BioCryst granted the Irish affiliate of Italian-based pharmaceutical company Neopharmed Gentili an exclusive license to commercialize navenibart for hereditary angioedema (HAE) in Europe. In exchange, Biocryst will receive $70 million upfront, up to $275 million in future regulatory and sales milestone payments, and tiered royalties on sales ranging from 18 to 30 percent.
The agreement builds upon a 2025 deal between the two companies for the European sale of Orladeyo, BioCryst’s commercially approved oral drug to prevent attacks of HAE.
“We are excited to partner with Neopharmed Gentili once again to help bring innovative medicines to patients living with HAE in Europe,” said Charlie Gayer, president and chief executive officer of BioCryst. “This deal enables both companies to build upon the strong foundation of Orladeyo and leverages Neopharmed Gentili’s expertise in Europe to drive continued execution and positive patient outcomes in the territory. This transaction is a further illustration of our commitment to focus our business and continue to execute our strategy of delivering commercial excellence in the U.S. while putting the business in a position of financial strength.”

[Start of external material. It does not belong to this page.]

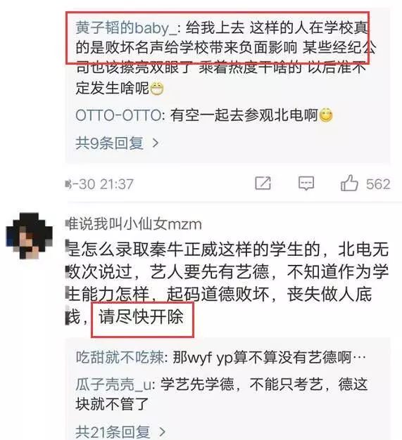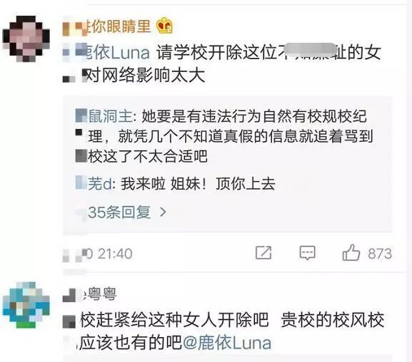 Vì vậy, không ít cư dân mạng lần lượt phản đối, để lại bình luận: “Xin trường học khai trừ”, “Xin quý trường học mau chóng khai trừ loại con gái như thế này”, “Xin mau chóng khai trừ”... thể hiện sự bất mãn của mình với Lộc Y, hy vọng Học viện điện ảnh Bắc Kinh mau chóng đuổi học cô.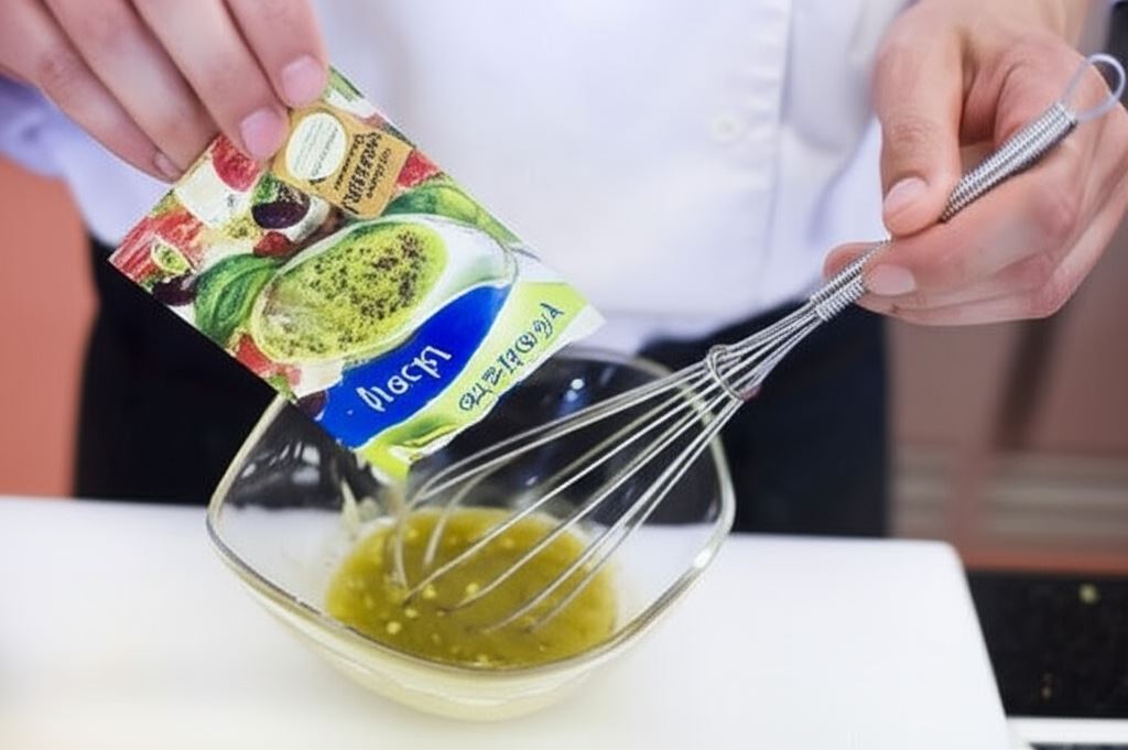 Sporządź sos sałatkowy Knorr zgodnie z instrukcją na opakowaniu, a następnie skrop nim sałatkę.

BioCryst obtained Navenibart in January when it acquired the drug’s developer, Boston-based Astria Pharmaceuticals, for about $700 million.

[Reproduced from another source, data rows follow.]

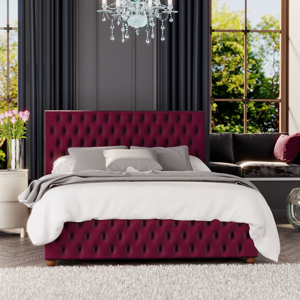 Experience the epitome of relaxation with this Laurence Llewelyn Bowen Seren Single Berry Plush Velvet Fabric Ottoman Bed. Introduce contemporary glamour and British craftsmanship to your bedroom with this bed. This is a premium bed that exudes style and high-quality design and features a large storage area within the bed frame, making it a practical storage solution for modern homes. It has a headboard and a footboard with vertical scoring, and the headboard has been constructed with deep foam padding for extra comfort when reading or sitting up in bed. Handcrafted down to the last stitch, the bed has chunky upholstered panels to ensure lasting quality. The bed, finished with hand-turned and varnished hardwood feet, features quality sprung slats to improve mattress lifespan and comfort. For easy access to the storage area, the lift mechanism is supported with quality gas pistons. Once the bed is elevated, it will hold its position, allowing hands-free access. Additionally, the velvet bed has a dust protection sheet with a fabric base attached to the underside of the bed. UK mainland delivery only.
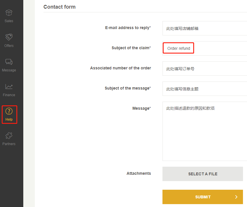 1. 在卖家后台点击Help里的Contact us,申请Fnac平台先代付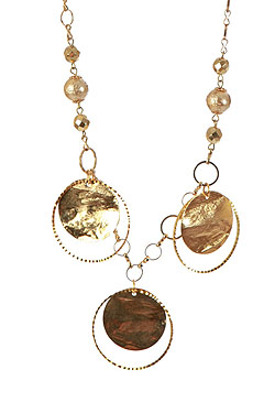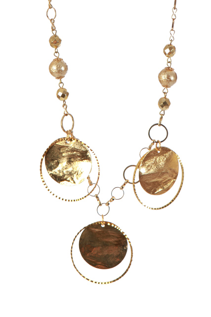 A three round pallets, gold plated fashion necklace with gold plated beads and crystals.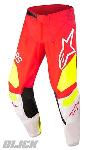 ALPINESTARS Pants Techstar FactoryRed Fluo / White / Yellow FluoSize 38- Highly abrasion resistant and durable poly-fabric reinforcement on the seat area.- Four-way stretch panels are strategicallypositioned for optimized freedom of movement. - Localized laser cut perforation zones for high levels of cooling airflow.- Leg cuff features a stretch mesh insert for easy on and off.- Sublimated fade-resistant graphics.- Ergonomic inner leg leather patch is longer to adapt better to the new Alpinestars protectors while ensuring optimized contact with the bike.ALPINESTARS Partnumber: 37210223025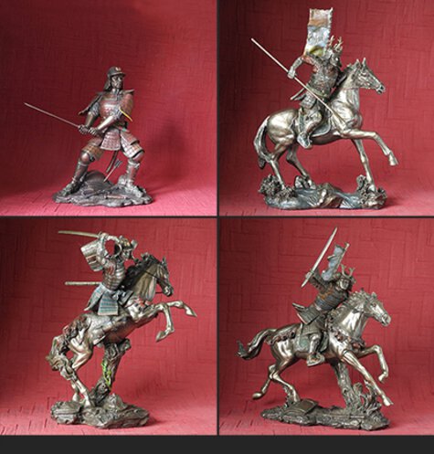 Samurai, those who serve. The samurai were the hereditary military nobility and officer caste of medieval and early-modern Japan from the late 12th century until their abolition in 1876. (WU71010, WU72582, WU72481 & WU71599 – h. 16,5 – 27 cm.)

Navenibart is an investigational, long-acting inhibitor of plasma kallikrein, an enzyme involved in HAE. BioCryst is conducting a Phase 3 clinical program of the injectable drug for HAE and intends to file for U.S. regulatory approval by the end of 2027.
Neopharmed Gentili will be responsible for gaining European approval of navenibart.
“We are proud to further strengthen and expand our collaboration with BioCryst Pharmaceuticals through this strategic agreement for navenibart, reinforcing a partnership grounded in a shared commitment to delivering meaningful impact for people living with hereditary angioedema,” said Alessandro Del Bono, chief executive officer of Neopharmed Gentili. “This agreement underscores our steadfast dedication to advancing therapeutic innovation in areas of significant unmet medical need, builds upon the strong expertise we have established in Europe in HAE, and further accelerates our long-term growth trajectory – consolidating our position as a leading European company in the field of rare diseases.”
Hereditary angioedema is a rare genetic condition that causes sudden, painful episodes of fluid buildup and swelling in different parts of the body, including the face, hands or feet, or internal organs. It affects about one in every 50,000 people, starting in childhood. About 6,000 people in the United States have a form of the disease, and an estimated 10,000 to 50,000 people in Europe live with HAE.
Founded in 1986 in Birmingham, Ala., BioCryst became a publicly traded company in 1994. Its shares trade on the Nasdaq stock exchange under the symbol BCRX.
BioCryst moved its headquarters to Durham in 2010.